(RECORDS TO PROCESS)
......

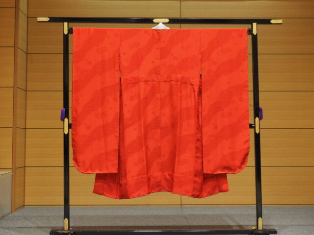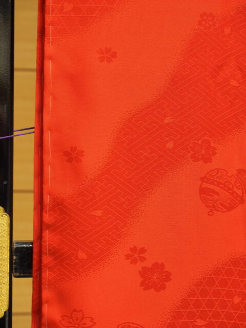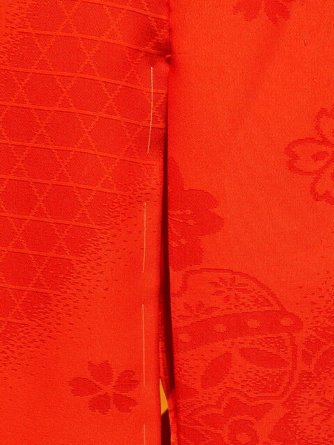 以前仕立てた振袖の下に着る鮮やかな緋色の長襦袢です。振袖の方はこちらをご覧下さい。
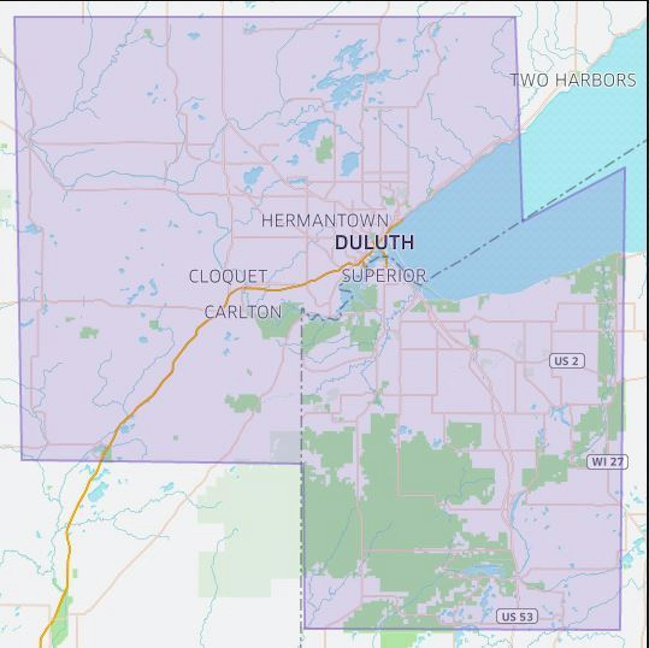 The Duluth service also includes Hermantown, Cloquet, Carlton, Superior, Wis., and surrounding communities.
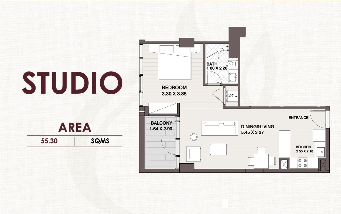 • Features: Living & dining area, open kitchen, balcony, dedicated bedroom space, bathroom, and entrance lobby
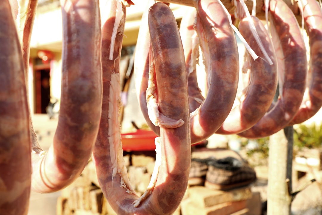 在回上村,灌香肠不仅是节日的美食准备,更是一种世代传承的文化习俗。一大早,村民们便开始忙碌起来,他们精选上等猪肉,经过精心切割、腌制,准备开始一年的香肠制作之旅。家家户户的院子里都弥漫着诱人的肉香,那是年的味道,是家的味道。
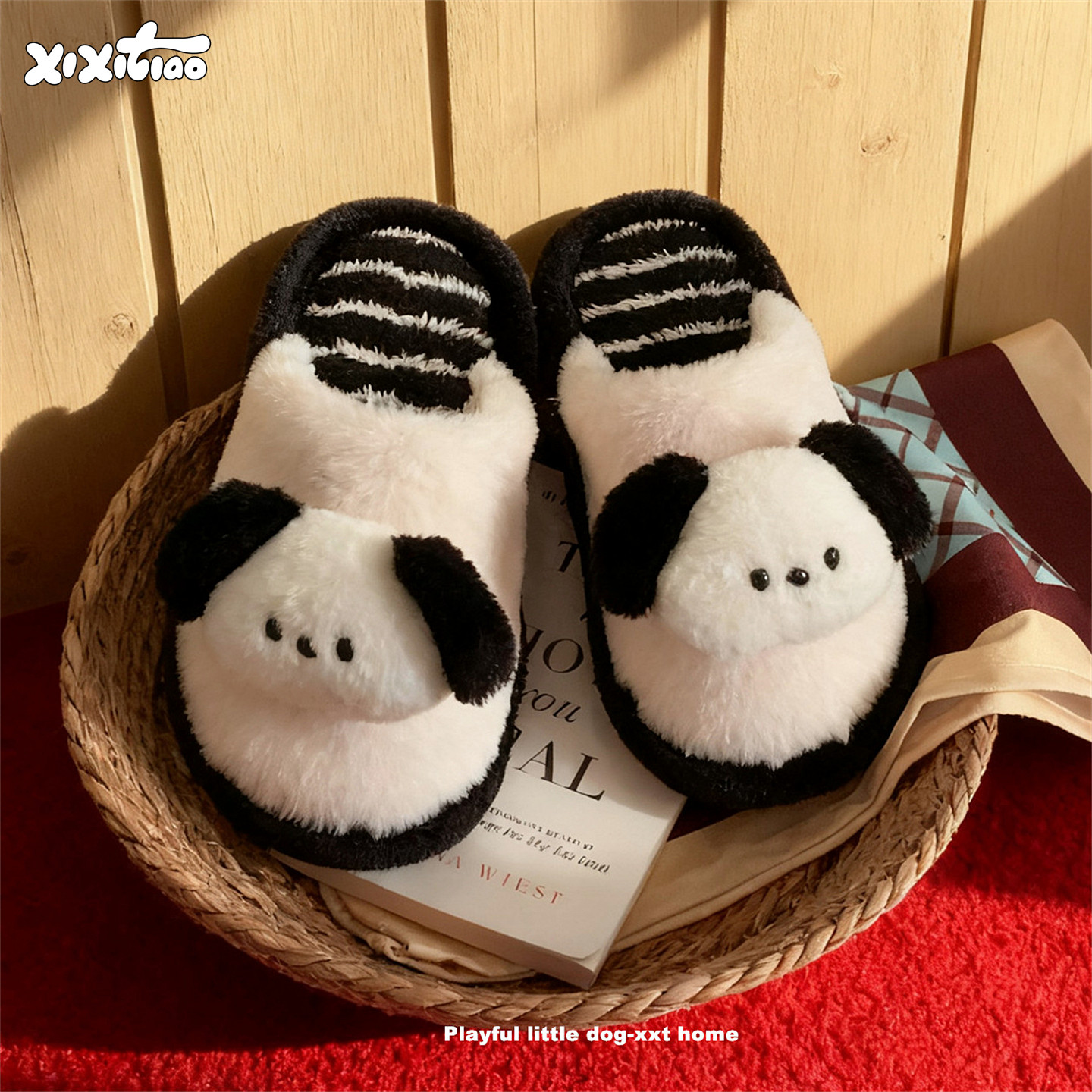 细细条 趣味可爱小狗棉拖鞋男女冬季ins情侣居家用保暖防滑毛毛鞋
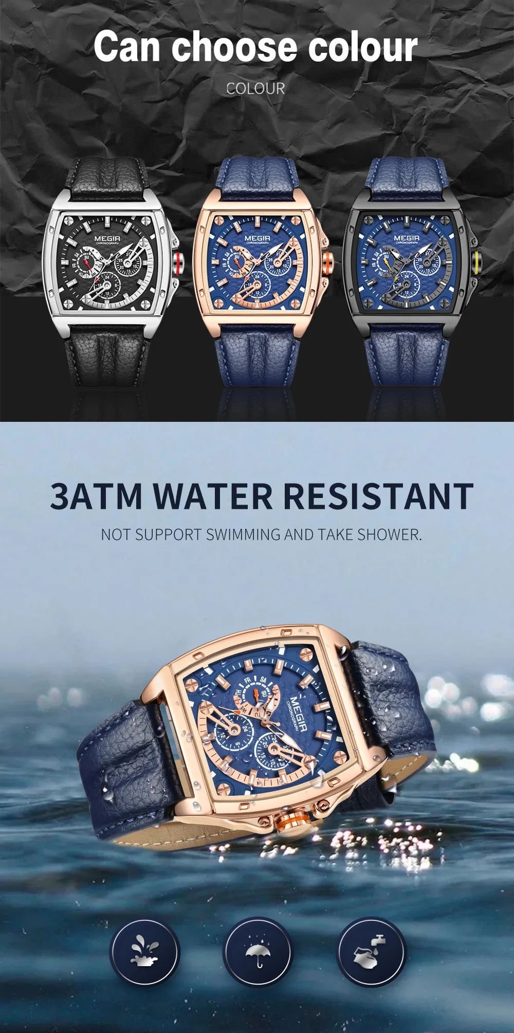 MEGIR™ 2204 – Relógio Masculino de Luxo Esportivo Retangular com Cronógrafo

......

(ABOUT THIS EXERCISE)
Once the pictures are set aside, give the rest of the material again unchanged.

(TASK ANSWER)
 以前仕立てた振袖の下に着る鮮やかな緋色の長襦袢です。振袖の方はこちらをご覧下さい。
 The Duluth service also includes Hermantown, Cloquet, Carlton, Superior, Wis., and surrounding communities.
 • Features: Living & dining area, open kitchen, balcony, dedicated bedroom space, bathroom, and entrance lobby
 在回上村,灌香肠不仅是节日的美食准备,更是一种世代传承的文化习俗。一大早,村民们便开始忙碌起来,他们精选上等猪肉,经过精心切割、腌制,准备开始一年的香肠制作之旅。家家户户的院子里都弥漫着诱人的肉香,那是年的味道,是家的味道。
 细细条 趣味可爱小狗棉拖鞋男女冬季ins情侣居家用保暖防滑毛毛鞋
 MEGIR™ 2204 – Relógio Masculino de Luxo Esportivo Retangular com Cronógrafo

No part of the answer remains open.